A new study by Andrew A. King and Baljir Baatartogtokh in the MIT Sloan Management Review has marshaled the best evidence yet to show that Clayton Christensen’s theory of disruptive innovation is deeply flawed. The study—which is put in its larger context in this insightful article by Evan Goldstein in the Chronicle of Higher Education—found that only 9 of 77 cases that Christensen used as examples of disruptive innovation actually fit the criteria of his own theory. Economists and business school thinkers have known that disruptive innovation was problematic for quite a while. For instance, the economist Kenneth Simon wrote a paper on the topic as early as 2009. But the dissent of these thinkers rarely entered public view, perhaps because speaking up would have gone against the academic code that forbids publicly attacking one’s own.
As Clayton Christensen Falls, So Fall His Popularizers
Indeed, the current assault on Christensen’s thought was led not by an economist or business school-type but by Jill Lepore, a professor of history at Harvard University. Lepore’s 2014 New Yorker essay, “The Disruption Machine: What the Gospel of Innovation Gets Wrong,” set the business world on fire. Some were glad that someone had finally spoken up. Others thought that Lepore was basically right but that she could have done a better job with some of her points, should have talked to more experts in the field, and could have toned down her fiery rhetoric. Christensen and his defenders, to put it mildly, went on the attack. Christensen asserted that Lepore’s article was “a criminal act of dishonesty.” But the scales of truth aren’t tipping in Christensen’s direction.
What does the new study by King and Baatartogtokh mean? King has written another article with Brent Goldfarb that shows as many as 1/3 of studies published in management journals may be wrong or make inflated claims. (The King-Goldfarb article fits a recent genre of studies that have found similar problems in the psychology and biomedical fields). But King and Goldfarb take a charitable interpretation of how people end up getting things so wrong. In an academic world that is marked by constant pressure and that puts high value on novelty, scholars work and re-work their data until they find something interesting but which good analysis would show to be chance. “These are not cases in which you are trying to put something over on someone. You’re fooling yourself,” Goldfarb has said.
Perhaps that’s right, but I think we also need to consider cases where individuals’ professional and financial interests conflict with good (social) science and where these interests lead individuals to continue pushing an idea even when it has been thrown in doubt. After all, Christensen himself has co-founded a consultancy, Innosight, and an investment company, the Disruptive Growth Fund, based on the notion of disruptive innovation.
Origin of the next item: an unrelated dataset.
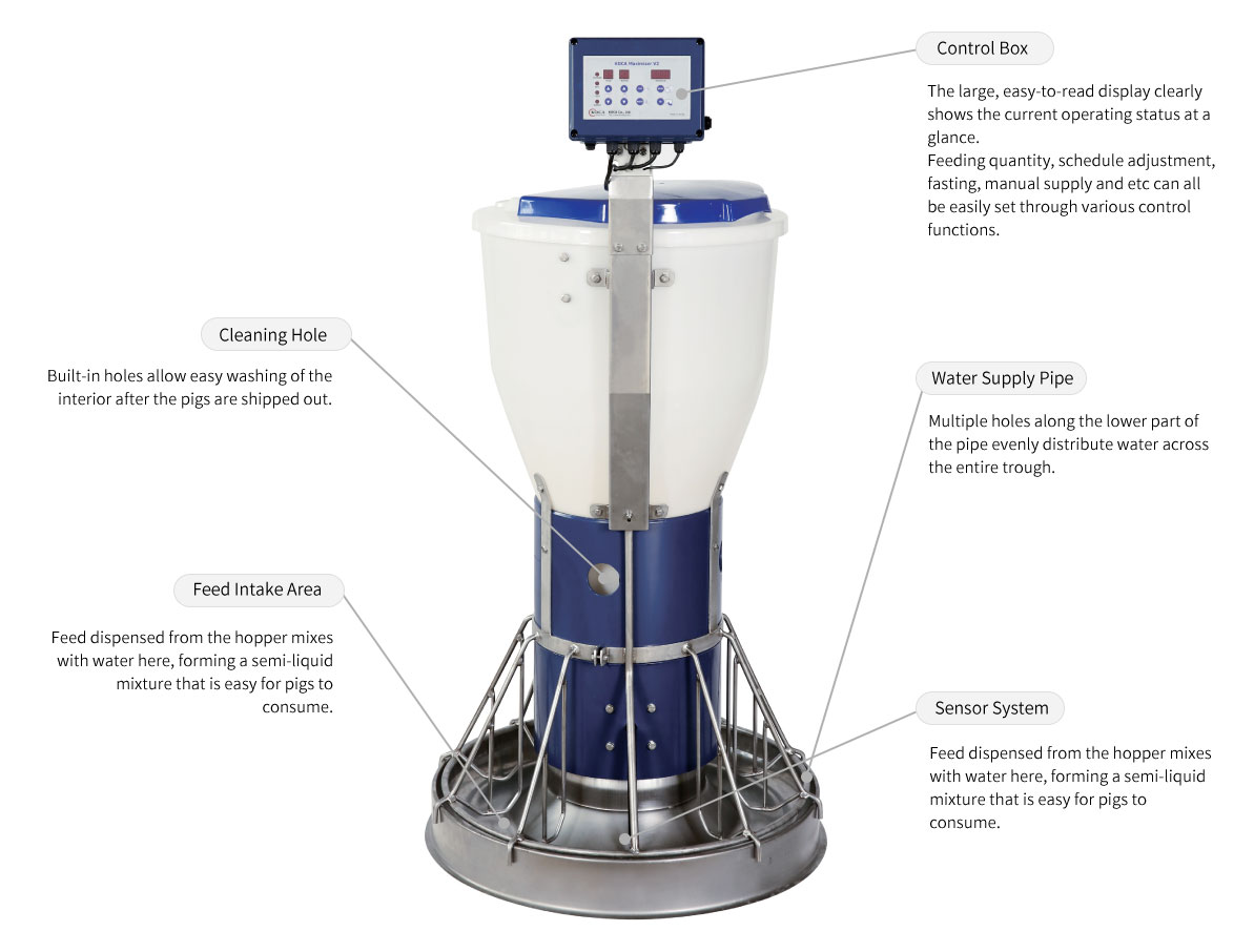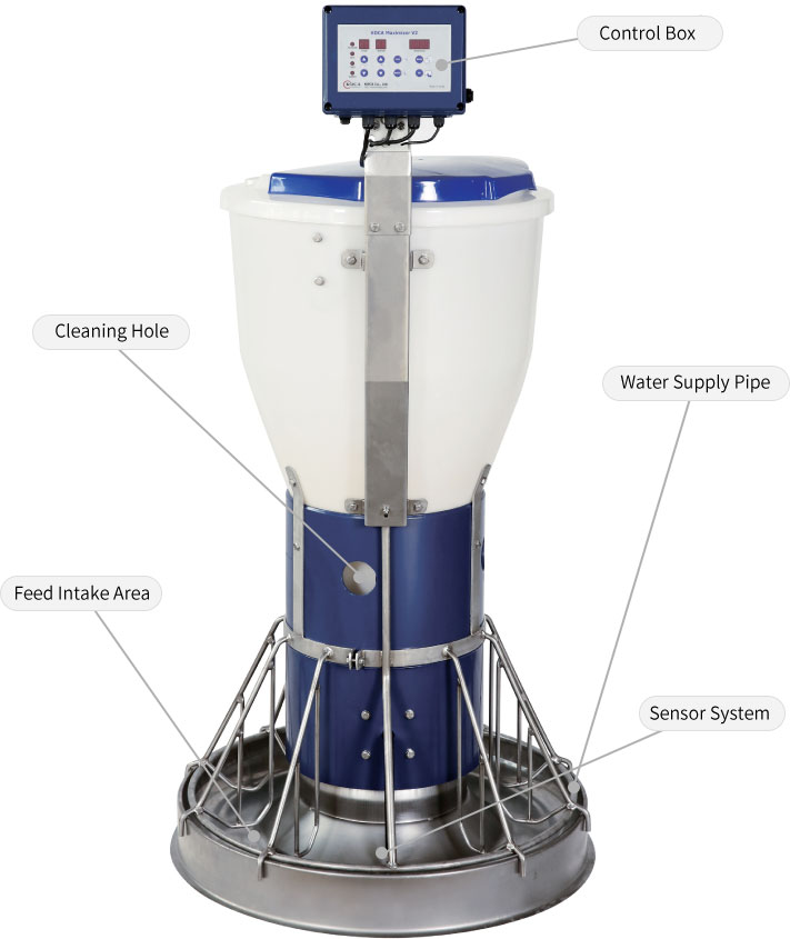 - Easy and simple to operate — once the feed and water supply levels are set on the control box panel, feeding starts immediately.

He has made millions on this concept.
We find even bigger problems when we look at the world of popular business publishing, however. Pop business books and magazines are a form of self-help. They purport to base their suggestions on the best available “facts,” but often the analysis undergirding these facts is not terrific. Few ideas have gripped the pop business world as tightly as disruptive innovation, perhaps, as some economists have suggested, because business leaders fear nothing more than being “disrupted.” If Christensen is threatened, so too are the popularizers of his ideas.
It is not surprising then that we see the business press lashing out at Christensen’s critics. In his Chronicle piece, Goldstein notes that a Forbes magazine writer wondered whether Lepore’s critique arose from personal doubts: “Was Lepore unconsciously projecting onto Christensen and his theory her own well-justified anxiety, panic, and fear about the ‘disruption’ of the humanities itself at Harvard?”
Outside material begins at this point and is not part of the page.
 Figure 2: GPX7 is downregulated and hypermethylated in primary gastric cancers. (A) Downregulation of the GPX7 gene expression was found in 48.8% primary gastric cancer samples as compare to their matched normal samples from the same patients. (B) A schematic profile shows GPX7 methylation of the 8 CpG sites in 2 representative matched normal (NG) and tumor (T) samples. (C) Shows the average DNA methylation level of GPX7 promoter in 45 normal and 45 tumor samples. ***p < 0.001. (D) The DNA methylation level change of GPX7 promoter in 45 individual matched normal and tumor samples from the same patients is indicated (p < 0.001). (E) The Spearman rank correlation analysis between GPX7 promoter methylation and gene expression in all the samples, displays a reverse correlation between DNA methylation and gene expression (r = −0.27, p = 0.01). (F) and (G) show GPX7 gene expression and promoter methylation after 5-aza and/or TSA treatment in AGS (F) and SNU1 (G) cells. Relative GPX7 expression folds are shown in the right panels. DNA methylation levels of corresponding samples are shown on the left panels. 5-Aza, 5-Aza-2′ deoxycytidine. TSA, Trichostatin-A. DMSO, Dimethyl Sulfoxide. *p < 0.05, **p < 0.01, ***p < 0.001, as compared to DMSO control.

But now it seems like the tables are turned: the Forbes magazine writer was projecting onto Lepore his own well-justified anxiety, panic, and fear about the disruption of disruption because the disruption of disruption means that Forbes peddles snake oil.
A search for “disruption” on the Forbes website gets 6,039 hits with titles like “Tesla’s High End Disruption Gamble” and “The Physics of Disruption.” A search for “disruptive” garners another 4,704 hits with “A New Met Exhibit Shows Why the Saxophone Was One of the Most Disruptive Innovations in Music” and “Is Donald Trump a Disruptive Political Innovation?” Chunka Mui, a Forbes.com writer (with whom I’ve tussled before), has predicted that autonomous vehicles will unleash a market worth trillions of dollars and “create enormous disruption to current automakers business models.” But as Goldstein and others have shown, Mui’s own master, Christensen, has made many terrible predictions when it comes to disruption. True disruption is rare, and prophesying it is a fool’s errand, especially when its underlying social science is so faulty.
There is no shortage of publications that promote bad science, whether that comes in the form of climate denialism, faulty studies of tobacco or sugar consumption, or fear-mongering over GMOs, cell phone signals, or fluoridation. Writers such as George Johnson, John Horgan, and Naomi Oreskes and Erik Conway ceaselessly point out such problems. What we have not taken note of as often is how bad social science is pushed by consultants, like Clayton Christensen, and business publications, like Forbes. Yet, their snake oil too has done real harm.